That is perhaps too cynical a reading of Ferguson's analysis, but one is at times reduced to such cynicism. Again and again in "Empire," Ferguson champions the Britons at home, the people far removed from geopolitical decisions, who invariably, after an imperial outrage, pressed their government to do the right thing, or set out themselves on missions to remake the world. This is certainly something Ferguson wants to get across: Racism, plunder, massacres, all those inevitable woes of imperialism, were redeemed, in Britain, by a fundamentally enlightened populace.

Which brings us back to Ferguson's nagging question: Were the Brits good for the world, or bad?

Ferguson is an adherent of what he calls "counterfactual" historical inquiry, the practice of asking theoretical what-if questions about past events, such as "What if there had been no American Revolution?" and "What if John F. Kennedy had lived?" (He edited a book called "Virtual History" that is filled with such explorations.) Ferguson's only real defense of the empire hangs on a counterfactual line of thought: If there had been no British Empire, other regimes would have come to rule the world, and those empires weren't steered by the virtuous British people.
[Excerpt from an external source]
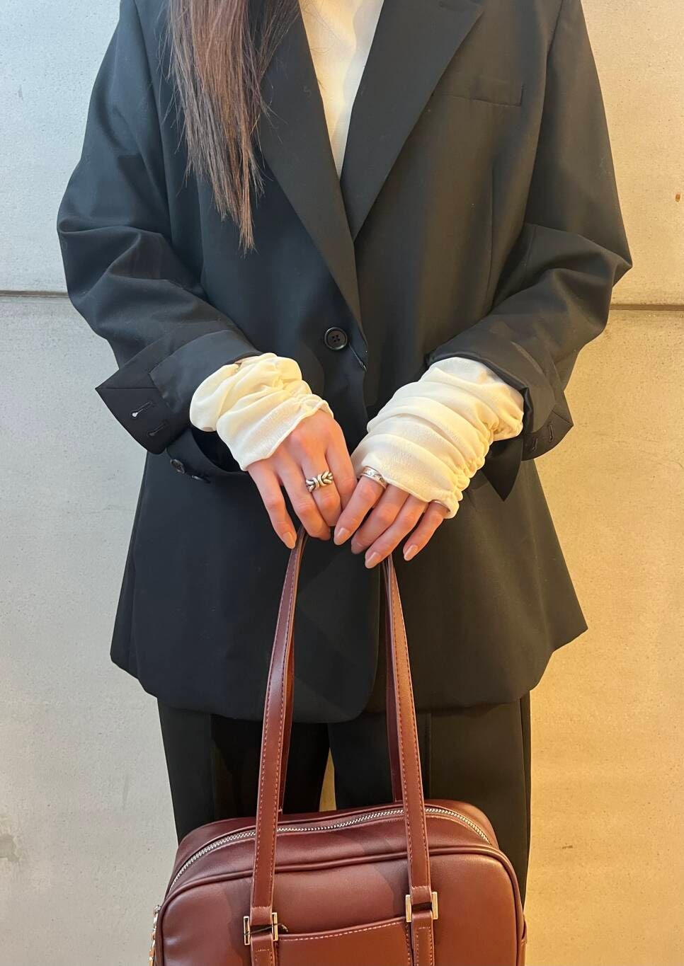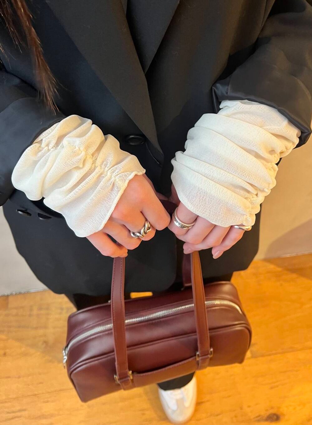 中に着ているベロアのトップスは、シアーで透け感があり、袖がシャーリングになっており、アウターから少し出すとポイントになり、可愛く着こなしていただけます💖

The evil empires he focuses on are the Germans and Japanese in World War II. (The crimes of the Germans are well known; to judge Japanese imperialists, read up on the Rape of Nanking.) In 1939, Hitler floated the idea of a nonaggression pact with Britain in which he would leave the empire intact if it allowed him to have his way in Europe. "But if England will not have it any other way, then she must be beaten to her knees," Hitler is reported to have said. The plan was appealing to some in the British War Cabinet, but Winston Churchill, "to his eternal credit, saw through Hitler's blandishments," Ferguson writes. Despite terrible odds, Churchill decided to fight Hitler, in order that the world be saved from Nazism. And, Ferguson asks, "Did not that sacrifice alone expunge all the Empire's sins?"

The problem in pursuing this line of inquiry, however, is the same problem that exists in all counterfactual investigations. Can we thank the British Empire for saving us from the Nazis? Sure. But that doesn't mean we should forgive the British their faults, or be thankful that the world ever lived under British rule. There's strong evidence, in fact, that German militarization was pursued directly in response to the threat the Germans saw in the British Empire. And, as Ferguson himself has argued before, it's possible to fault Britain for entering the First World War, whose messy resolution led to the Second. With that in mind, here are some counterfactual questions that Ferguson doesn't answer but ought to: If there had never been a British Empire, would there have been a German Empire? Would we have endured two world wars?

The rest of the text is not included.